LME September 8 Metal Review

LONDON (MarketWatch) – China’s copper imports are only stable over the past four months, and prices have not skyrocketed for June, the London Metal Exchange (LME) copper plummeted on Friday, 20% provide basis.

PVA 1788 (PVA BP17)

London time on September 8 17:00 (Beijing time on September 9 00:00), LME three-month copper fell 3% to $ 6,693 per ton, its low in the session since August 25 lowest since $ 6,691.

Data show that China’s imports of copper and copper products in August for the fourth consecutive month to maintain stability, rather than as some people expected to grow. China is the world’s largest copper consumer.

According to the data released by the General Administration of Customs on Friday, China’s imports of unwrought copper and copper in August were 390,000 tonnes, unchanged from the chain, and the monthly copper import data since May has been maintained at that level.

Capitaline’s senior commodity economist Caroline Bain said: “Copper fundamentals can not provide price support.” He also pointed out that copper prices recently hit high after investors locked profit.

“If the refinery production is limited by environmental inspections, metal imports may increase in the coming months,” said Daniel Morgan, an analyst at UBS in Sydney. “” This is good for copper. ”

Friday released data show that LME warehouse copper registered warehouse receipts increased slightly, indicating that the overall market supply is abundant.

However, the dollar weakened support for copper prices, after the European Central Bank President Draghi said it may decide in October to begin to reduce the scale of debt.

PVA 0588 ( PVA BP05)

UBS analyst Morgan said China’s aluminum exports hit the lowest since March, indicating that the mainland supply side of the shrinking. I expect the next few months may be further shrinking exports, because part of the illegal smelting capacity is closed, and from November 15 from the refinery to avoid winter pollution and closed.

Three-month aluminum fell 0.4 percent at $ 2,099 a tonne, the first week in six weeks.

The London Metal Exchange said Thursday it would cut its short- and medium-term arbitrage trading costs from 1 October, hoping to boost trading volume, while other rivals intensified the launch of alternative products.

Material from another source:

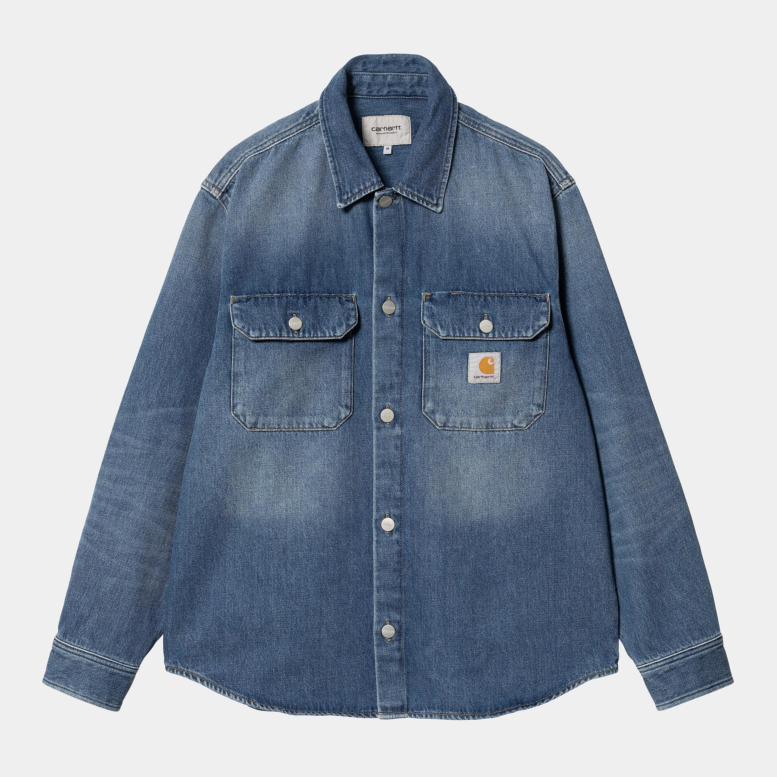 Veste Carhartt Wip HARVEY SHIRT JACKET Blue Rinsed

Three-month nickel fell 4.7% to $ 11,580 a tonne.

PVA FIBER

Media reported Thursday that in response to the hurricane Irma, Cuba has begun to close nickel production enterprises. Cuba plans to produce 54,500 tonnes of nickel and cobalt sulfide this year.

“Nickel prices have been boosted by Philippine President Rodrigo Duterte’s mining pollution, but refined nickel stocks are still at a very high level despite the reduction in nickel ore supply,” said Bain of Capital Economics.

Three-month lead fell 3.2 percent to $ 2,265 a tonne.

Three-month tin closed down nearly 1% at $ 20,550 per tonne.

Three-month zinc plunged 3.1% to $ 3,031 a tonne.